Create Customer Profiles

In [4]:
customer_profiles = merged_data.groupby('CustomerID').agg({
    'TotalValue': 'sum',  # Sum of total value spent by the customer
    'TransactionID': 'count',  # Count of transactions per customer
    'Quantity': 'sum',  # Total quantity purchased by the customer
    'Category': lambda x: x.value_counts().idxmax()  # Most frequent category purchased by the customer
}).rename(columns={'TransactionID': 'TransactionCount'})  # Rename the transaction count column


Convert Categorical Features to Dummies

In [5]:
customer_profiles = pd.get_dummies(customer_profiles, columns=['Category'], prefix='Category')

Normalize Numerical Features

In [6]:
scaler = StandardScaler()
numerical_features = ['TotalValue', 'TransactionCount', 'Quantity']
customer_profiles[numerical_features] = scaler.fit_transform(customer_profiles[numerical_features])

Compute Cosine Similarity Matrix

In [7]:
similarity_matrix = cosine_similarity(customer_profiles)

Convert Similarity Matrix to DataFrame

In [8]:
similarity_df = pd.DataFrame(similarity_matrix, index=customer_profiles.index, columns=customer_profiles.index)

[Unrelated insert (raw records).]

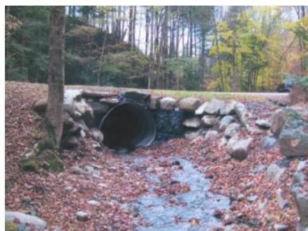
Lake St. Catherine Watershed Road Erosion Inventory and Capital Budget Plan Developed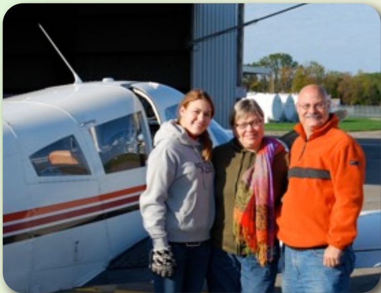
Flight from Brockport, over Niagara Falls and back again.

At last year's Eastman House Oscars Party, we bid on a "Plane ride over Niagara Falls" and won! In October we met the donor/pilot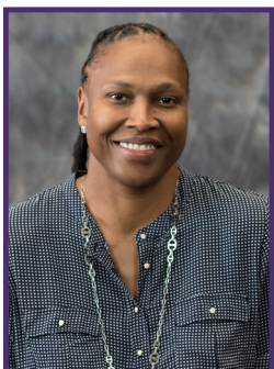
YOLANDA GRIFFITH Assistant Coach Second year at UAlbany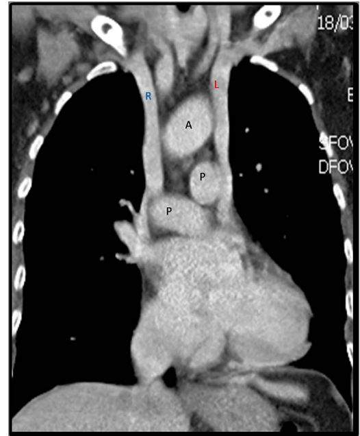
Figure 2 The coronal reformats of the contrast-enhanced CT scan of the thorax that demonstrates the persistent left-sided superior vena cava (L) (A, aorta; P, pulmonary artery; R, right-sided superior vena cava).

through the coronary sinus; the remaining 10% (as in the index case) open into the left atrium. 1 The latter group is predisposed to paradoxical embolism because the pulmonary circulation which acts as a natural filter to all emboli is bypassed. Approximately 50 mL air can be tolerated in the right side of the heart, whereas 0.5 mL of air on the left can pass directly into the systemic circulation and cause potentially fatal embolism. 2 3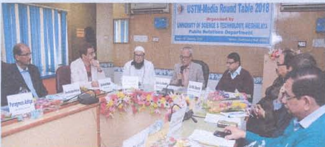
Participants discussing in the Round Table

USTM announced several media fellowships for journalists of the region at 'USTM-Media Round Table 2018' in the University campus on Thursday, 18 January, amidst a galaxy of editors of newspapers and television channels as well as stalwarts and opinion-makers from different states of the North East. They greeted the Chancellor of USTM for his educational entrepreneurship through relentless endeavour towards development of education among the people. An Academia-Media Committee will be formed as a follow up to the Round Table to finalise the topics and other details of the fellowship to be awarded by USTM to journalists from the North East. The fellowships will be formally launched by USTM in July 2018.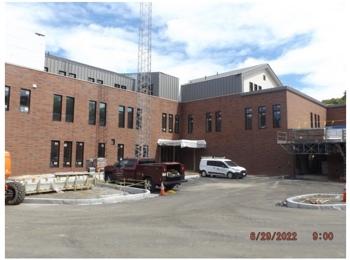
Photo depicts the progress the rear of the admin side of the building.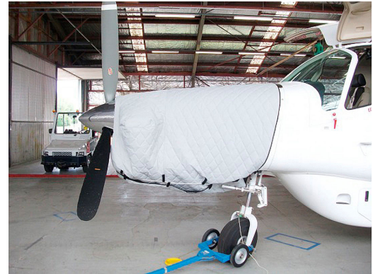
750XL Insulated Engine Cover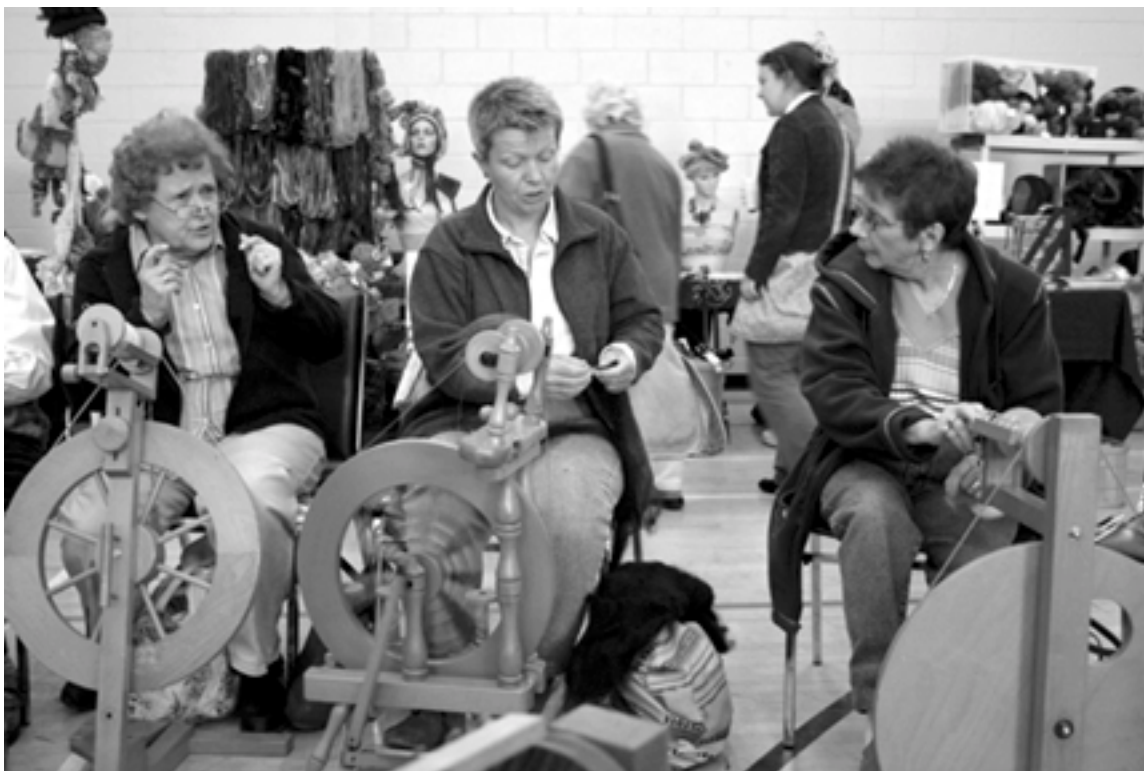
Something to talk about... The Gathering, Port Hope Spin-in April 2006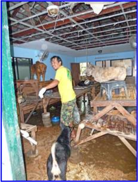
Fortunately, the ceiling came down during a power failure! I hope we don't have to clean everything soon again.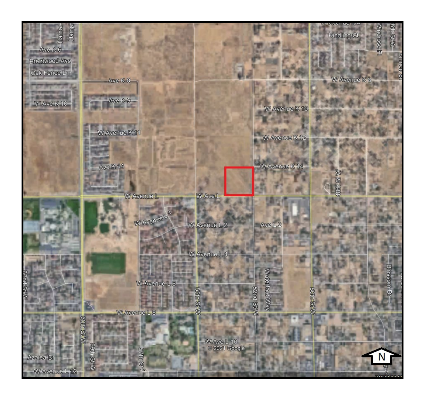
Figure 3. Approximate location of study area as depicted on excerpt from Google Earth Aerial Photography, dated July 2017, showing surrounding land use.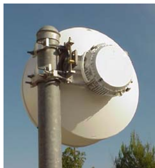
◀ Typical 1+0 ODU deployment

Microwave radio is an established technology used by telecommunication operators and organizations where quality of service is ensured through careful frequency and link planning. CableFree Microwave Radios are distinguished by high performance, advanced radio features and flexible reconfigurable network interfaces.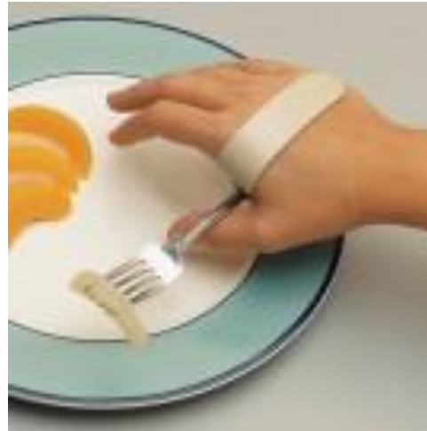
plastic slip on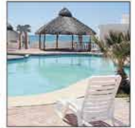
A pool area at the project.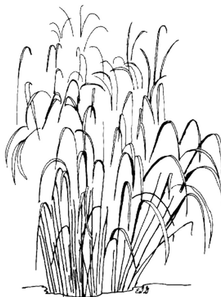
Figure 1. 'Zebrinus' Japanese silver grass

Plant type: herbaceous; ornamental grass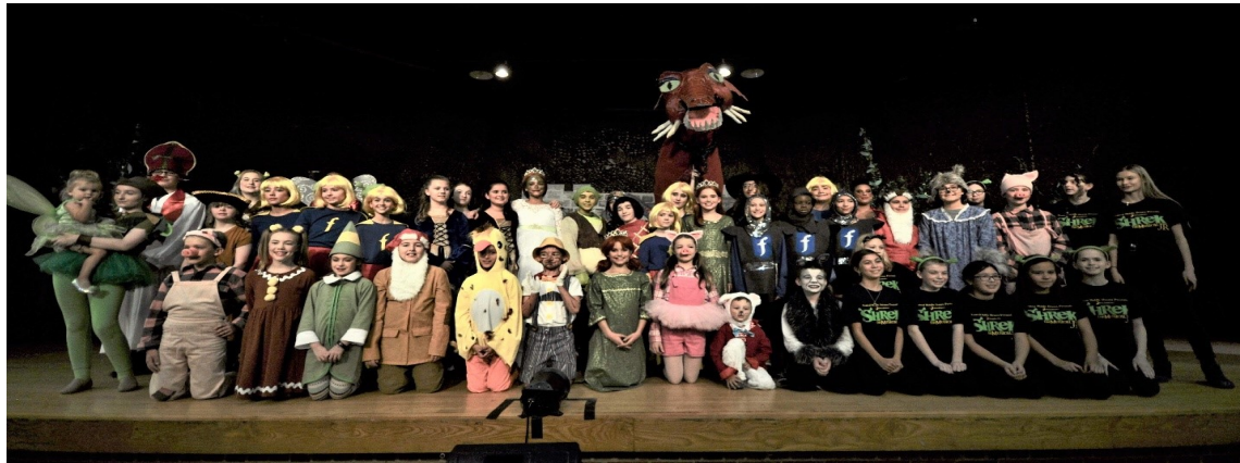
Pictured above is the cast and crew of the Shrek the Musical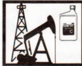
Oils, Grease, Fluids

MATERIAL CAUTIONS - Test for compatibility, especially on paint, plastic and stone. SSC 141 is generally safe to use on unstressed acrylic (Plexiglas), polyethylene, PVC, ABS and other thermosetting plastics and fiber glass (including gelcoat). SSC 141 will cloud polycarbonate (Lexan) and dissolve polystyrene. If SSC 141 spills on asphalt pavement or vegetation, rinse promptly with water.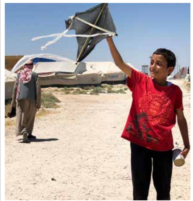
Photo: North East Syria, Al Hassakeh Governorate, Al Hol camp for internally displaced persons

The sick and wounded must be cared for humanely and without distinction. Medical personnel, hospitals and ambulances must never be targeted. They must be respected and protected. The distinctive red cross, red crescent and red crystal emblems and other officially-recognised symbols indicate that the building displaying the emblem, or the person wearing it, must not be attacked.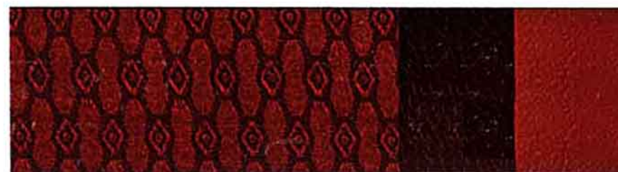
Pattern cloth and vinyl in red.

Select fawn, red or blue, depending on specific exterior color selected.*

Identify Top 3 Lookalike Customers

In [9]:
lookalike_data = []

for customer_id in customer_profiles.index[:20]:
    # Sort the similarity scores in descending order and get the top 3 similar customers (excluding the customer itself)
    similar_customers = similarity_df[customer_id].sort_values(ascending=False).iloc[1:4]
    lookalike_data.append({
        "CustomerID": customer_id,  # Original customer ID
        # Format the lookalike customer IDs and their similarity scores as a tuple
        "Lookalike_1": f"({similar_customers.index[0]}, {similar_customers.values[0]:.4f})",
        "Lookalike_2": f"({similar_customers.index[1]}, {similar_customers.values[1]:.4f})",
        "Lookalike_3": f"({similar_customers.index[2]}, {similar_customers.values[2]:.4f})",
    })

Create DataFrame for Lookalike Data

In [10]:
lookalike_df = pd.DataFrame(lookalike_data)

Save Lookalike Data to CSV

In [11]:
lookalike_df.to_csv("Kuldeep_Lookalike.csv", index=False)